Before we enter the final, release-heavy months of 2015, we take a look back at some of our favorites from the last few. And compared to the first two quarters of the year, there was much less consensus this time around at TMT. While Elysia Crampton’s American Drift and M.E.S.H.’s Piteous Gate were near-unanimously praised, albums like Carly Rae Jepsen’s E•MO•TION and Titus Andronicus’s The Most Lamentable Tragedy were refreshingly contentious. Call it an inconsistency of gluttony: from Chief Keef’s devastating weightiness on Bang 3 and Phil Minton’s bold voice experiments on A Doughnut’s End, to the indelible dream pop of Helen’s The Original Faces and the critical esoterica of albums by Yves Tumor, In Media Res, Khaki Blazer, and Eyeliner, the last several months saw our attention being pulled in wildly different directions, our quixotic outlooks stretched out and fried under the hot, boiling sun.

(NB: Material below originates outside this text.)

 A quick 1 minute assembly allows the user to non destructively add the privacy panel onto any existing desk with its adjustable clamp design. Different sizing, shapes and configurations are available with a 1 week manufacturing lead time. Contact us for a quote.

And before you freak out, it should be noted that we were too late to vote on newer releases like Julia Holter’s Have You In My Wilderness, Young Thug’s Slime Season, and Drake & Future’s What A Time To Be Alive, among others. But that’s why we have a year-end feature coming up soon, right?

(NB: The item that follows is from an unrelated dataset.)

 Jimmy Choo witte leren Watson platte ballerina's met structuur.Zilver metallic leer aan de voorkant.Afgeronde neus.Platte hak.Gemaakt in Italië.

Scope our favorite 20 releases from the third quarter of 2015 below, followed by a bunch of others that didn’t quite make the cut.
M.E.S.H.
Piteous Gate
[PAN]
At a time in history when even our selves have been spectacularized into a bricolage of alienating images, Berlin’s M.E.S.H. is forging a way out, by forging a way in. The arrhythmic tech-neurotics and disembodied haze-tronics of his debut plunge him further into the artificial tropes that reduce lesser mortals to piles of homogenized click-fodder, yet in his case, they’re melded with such inimitable finesse and singular determination they endow him with more individuality, not less. The explosive clicks and synthetic whoops of an “Epithet” distinguish him from the faceless huddle, while the digitized throbs of the title track imply that behind such manufactured distinction there beats a genuine heart. Yes, a genuine heart, since even if the spectacle may have M.E.S.H. in its clutches, the Berlin-based producer has used it to his advantage and for his own ends, thereby neutralizing its de-individuating effects at the same time as producing what no doubt will prove one of the strongest electronic records of the year.